Huntington's Disease trial success

A small trial spells hope for the future of fighting Huntington's disease.
19 December 2017

Interview with 

Ed Wild, University College London


A brain sparking with electricity.


A DNA-based drug that can penetrate brain cells might be about to revolutionise the treatment of the degenerative condition Huntington’s Disease. The success of a small initial trial of the agent, currently called IONIS-HTTRx, has prompted the pharmaceutical company Roche to license the drug and take it forward. Chris Smith spoke with UCL researcher Ed Wild, one of the team testing the new agent…

Ed - For the first time we have the results of a clinical trial that is aimed at tackling the cause of Huntington's disease, which is a protein called “huntingtin.” We have injected a drug into the spinal fluid of patients with early Huntington's disease and shown that we have successfully been able to reduce the amount of the toxic protein that is present in the nervous system.

Chris - People with Huntington's; what systems to they display; how does it affect them?

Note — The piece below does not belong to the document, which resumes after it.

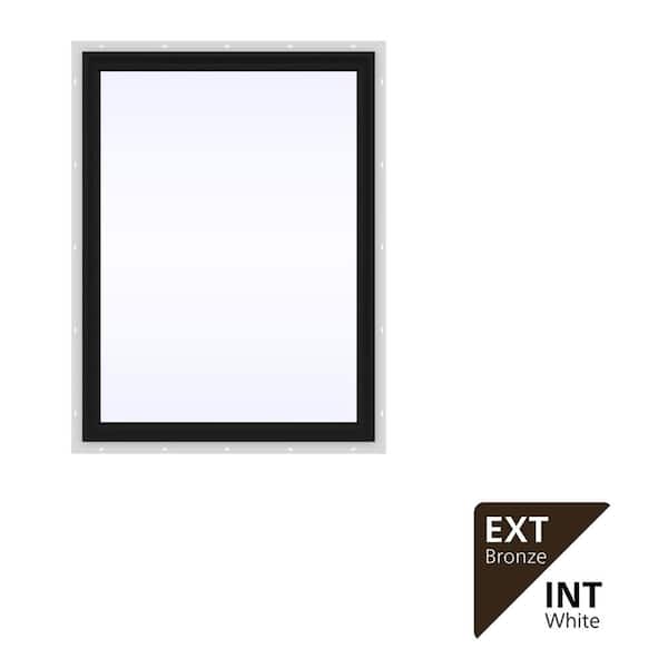 36 in. x 48 in. V-2500 Series Bronze Exterior/White Interior FiniShield Vinyl Picture Window w/ Low-E 366 Glass

Ed - It’s a relentlessly progressive disease. In early adult life, typically in a patient's thirties or fourties. They will develop subtle personality changes: things like being more irritable, having problems concentrating at work, having a shorter fuse, anxiety, depression, and then a bit of fidgetiness. The symptoms will then slowly progress over ten or twenty years until the person loses the ability to walk, to control their limbs. Loses the ability to speak and swallow and, unfortunately, eventually all patients with Huntington’s disease become completely disabled and it is always fatal.

Chris - Who gets it?

Ed - It is a genetic disease. Many people with Huntington’s disease know that the illness runs in their family. Each person with the disease has a 50% chance of giving it to each of their children. Somewhere between 5 and 10% of patients we see in our clinic though didn’t know that Huntington’s disease existed in their family until they’re diagnosed after clinical investigations and a genetic test.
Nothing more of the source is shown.